The episode concludes by addressing the increasing partisanship affecting trust in government economic data:
Evolving Trust Dynamics: A Gallup poll reveals a reversal in trust levels, with Trump supporters now trusting government data more than Democrats (26:00).
"It's no longer going to be his game and his say very soon," Long remarks on Fed Chair Powell's position amid political shifts (16:38).
Economic Uncertainty: With policy changes looming, both businesses and consumers face uncertainty, making it challenging to predict economic trajectories.

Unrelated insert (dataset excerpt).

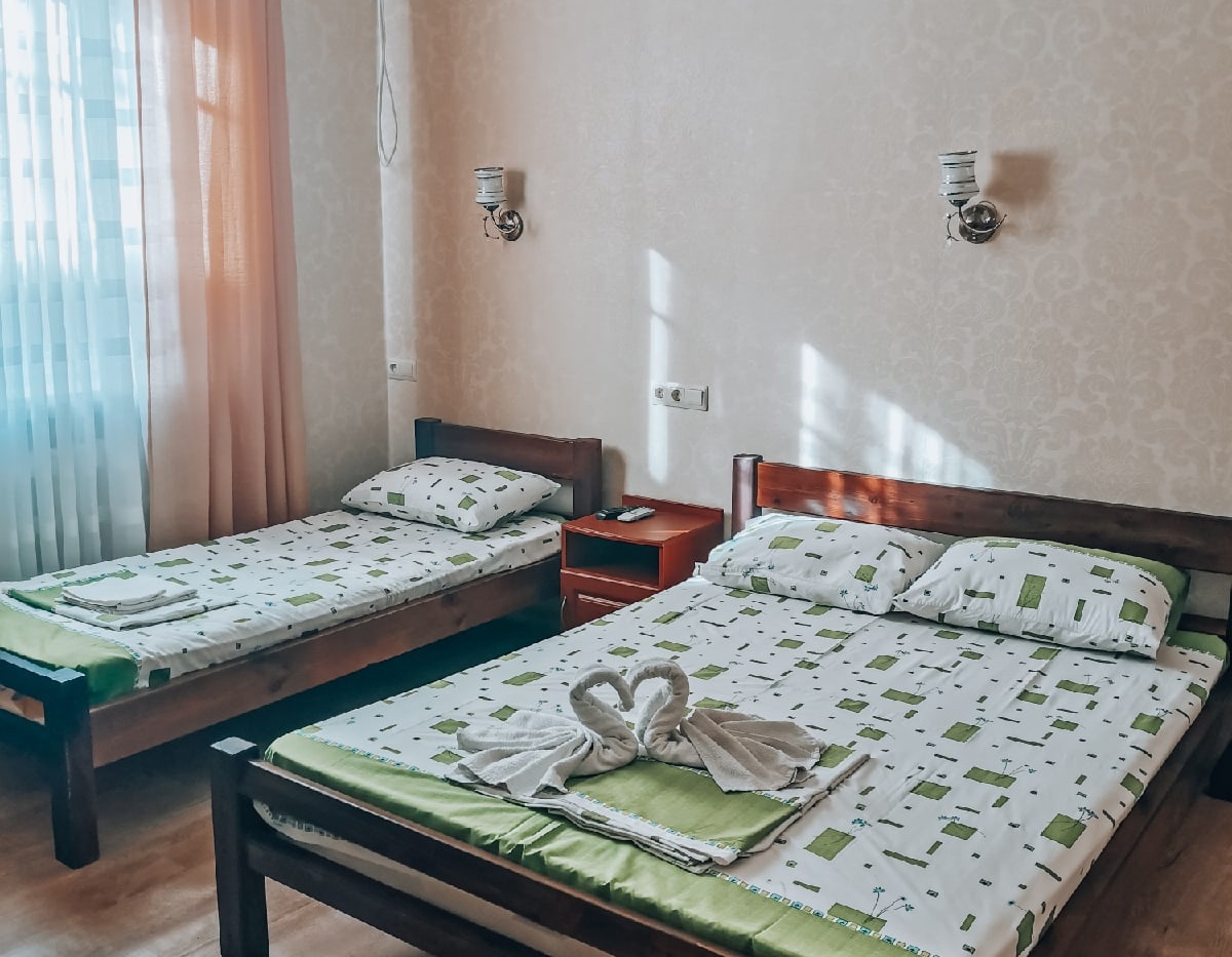 Номерной фонд состоит из 2-4-местных номеров со всеми удобствами: телевизор, холодильник, кондиционер и собственный санузел. Есть семейные номера с кухней.
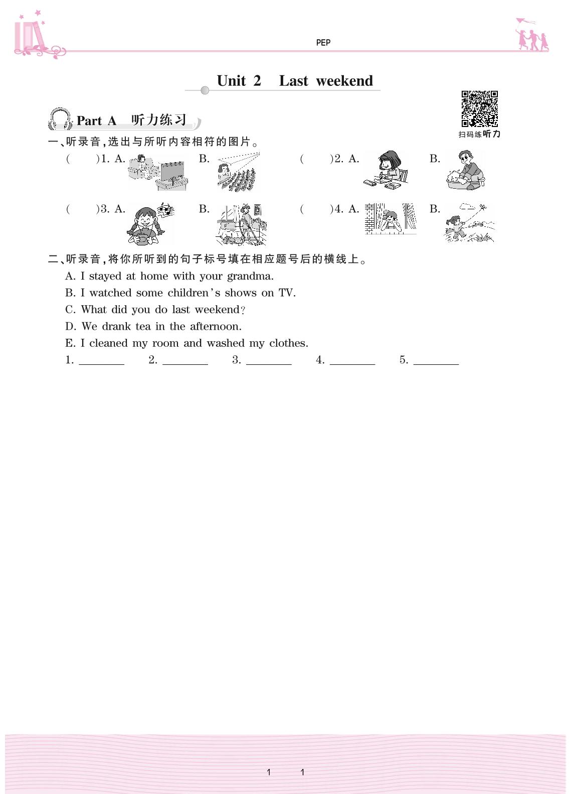 2021下册六年级英语人教PEP版 Unit 2 Last weekend—Part A 听力练习

"Imagine being in the Fed in the middle of all that," Long comments on the complexities facing monetary policymakers (19:08).
"The Economy Trump Will Inherit" offers a nuanced exploration of the anticipated economic landscape under President-elect Trump's administration. By examining market reactions, policy proposals, and their broader implications, the episode equips listeners with the knowledge to understand and anticipate the changes ahead.
This summary is based on the transcript provided and aims to capture the essence of the Marketplace podcast episode for those who have not listened to it.